* What this task involves *
Word for word, restate the data that follows, omitting the images.

---------- Data shown

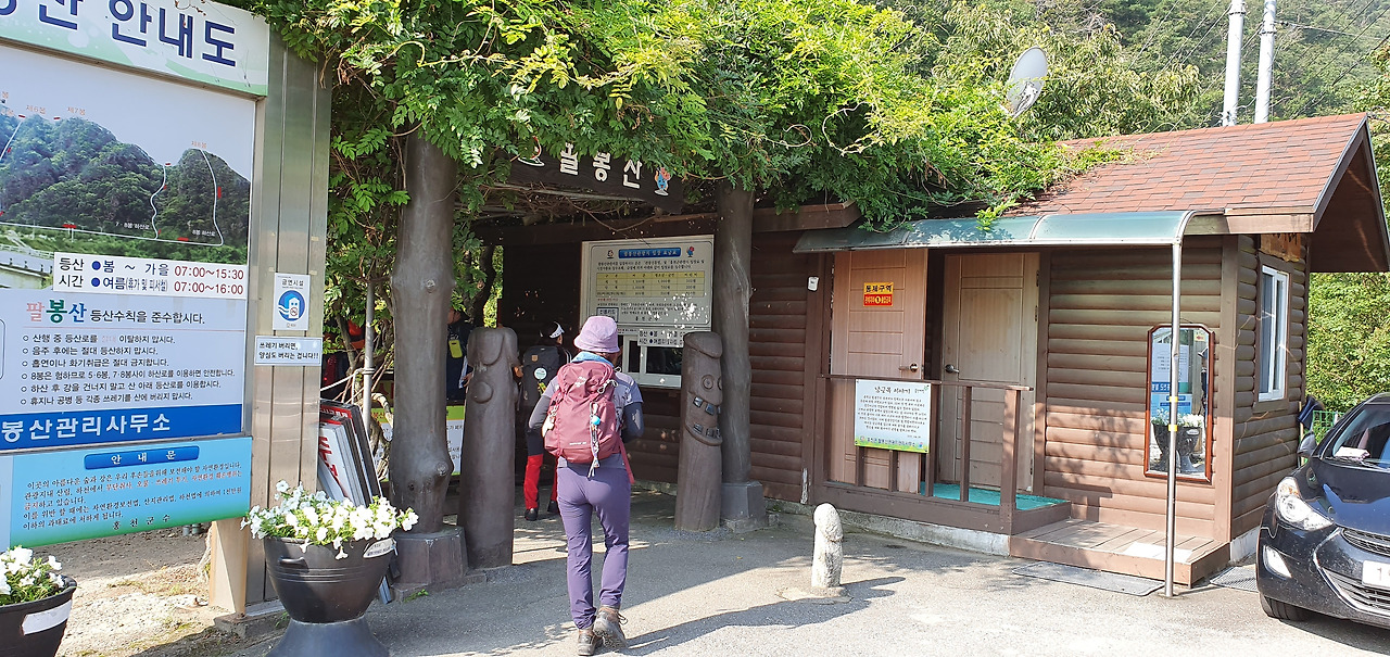 팔봉교를 건너면 다리 끝에 매표소가 있는데 매표소부터 산행이 시작되었다. 35분 정도면 1봉을 오르고 8봉까지 다음 봉우리를 오르는데 10-20분 정도 소요된다. 총 산행시간은 4시간 소요되었다. 마지막 8봉은 오르는 코스가 가파른 암릉인 데다 하산 코스도 급경사에 로프를 잡고 하산하는 코스로 어려움이 있었다.
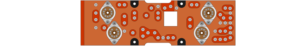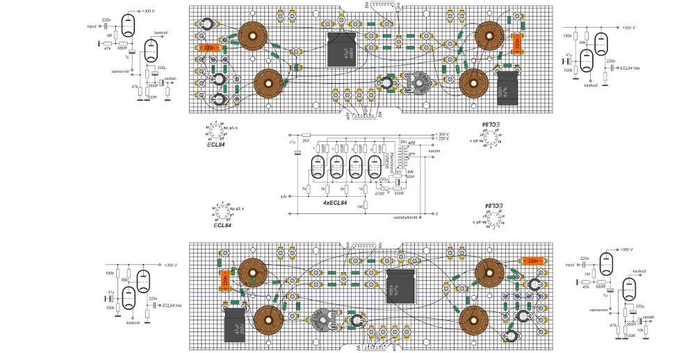 vahvistimen kytkentälevyt. Ylinnä on vasemman kanavan
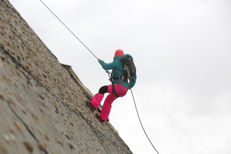 圖為登山隊專業(yè)教練對山友們進行登山技術(shù)培訓 攝影:德吉卓瑪
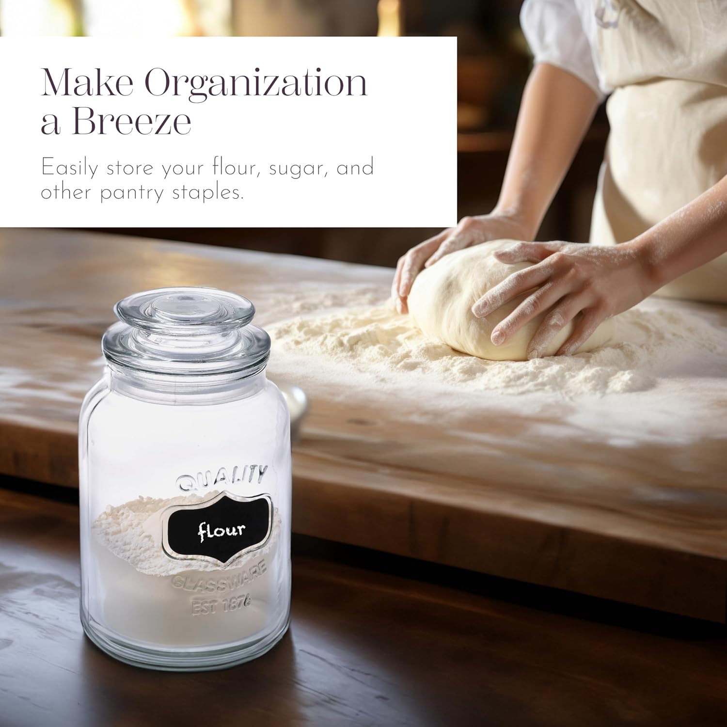 - EXCEPTIONAL QUALITY AND SAFETY: Made from durable, lead-free glass, our kitchen jars keep food fresh and safe, making them an ideal glass flour container or stylish pantry storage solution.
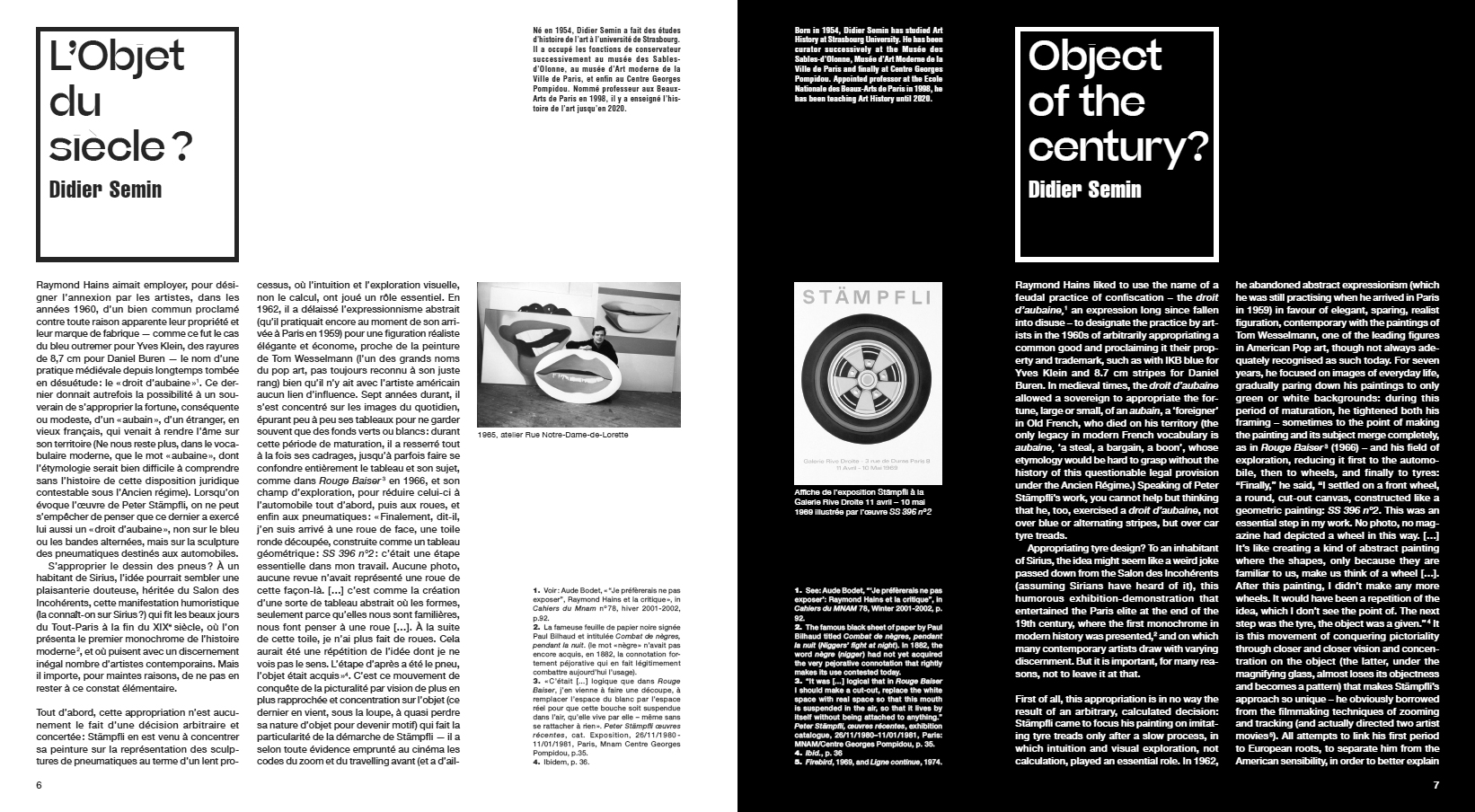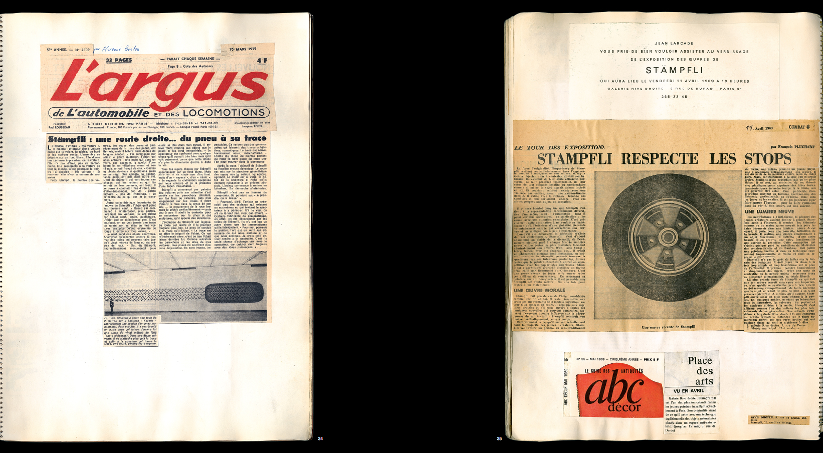Raymond Hains aimait employer, pour désigner l'annexion par les artistes, dans les années 1960, d'un bien commun proclamé contre toute raison apparente leur propriété et leur marque de fabrique, le nom d'une pratique médiévale depuis longtemps tombée en désuétude : le "droit d'aubaine". [...] Cette appropriation n'est aucunement le fait d'une décision arbitraire et concertée : Stämpfli en est venu à concentrer sa peinture sur la représentation des sculptures de pneumatiques au terme d'un lent processus, où l'intuition, et l'exploration visuelle, non le calcul, ont joué un rôle essentiel. En 1962, il a délaissé l'expressionnisme abstrait (qu'il pratiquait encore au moment de son arrivée à Paris en 1959) pour une figuration réaliste élégante et économe, proche de la peinture de

--------------------

* Answer for the task *
 팔봉교를 건너면 다리 끝에 매표소가 있는데 매표소부터 산행이 시작되었다. 35분 정도면 1봉을 오르고 8봉까지 다음 봉우리를 오르는데 10-20분 정도 소요된다. 총 산행시간은 4시간 소요되었다. 마지막 8봉은 오르는 코스가 가파른 암릉인 데다 하산 코스도 급경사에 로프를 잡고 하산하는 코스로 어려움이 있었다.
 vahvistimen kytkentälevyt. Ylinnä on vasemman kanavan
 圖為登山隊專業(yè)教練對山友們進行登山技術(shù)培訓 攝影:德吉卓瑪
 - EXCEPTIONAL QUALITY AND SAFETY: Made from durable, lead-free glass, our kitchen jars keep food fresh and safe, making them an ideal glass flour container or stylish pantry storage solution.
Raymond Hains aimait employer, pour désigner l'annexion par les artistes, dans les années 1960, d'un bien commun proclamé contre toute raison apparente leur propriété et leur marque de fabrique, le nom d'une pratique médiévale depuis longtemps tombée en désuétude : le "droit d'aubaine". [...] Cette appropriation n'est aucunement le fait d'une décision arbitraire et concertée : Stämpfli en est venu à concentrer sa peinture sur la représentation des sculptures de pneumatiques au terme d'un lent processus, où l'intuition, et l'exploration visuelle, non le calcul, ont joué un rôle essentiel. En 1962, il a délaissé l'expressionnisme abstrait (qu'il pratiquait encore au moment de son arrivée à Paris en 1959) pour une figuration réaliste élégante et économe, proche de la peinture de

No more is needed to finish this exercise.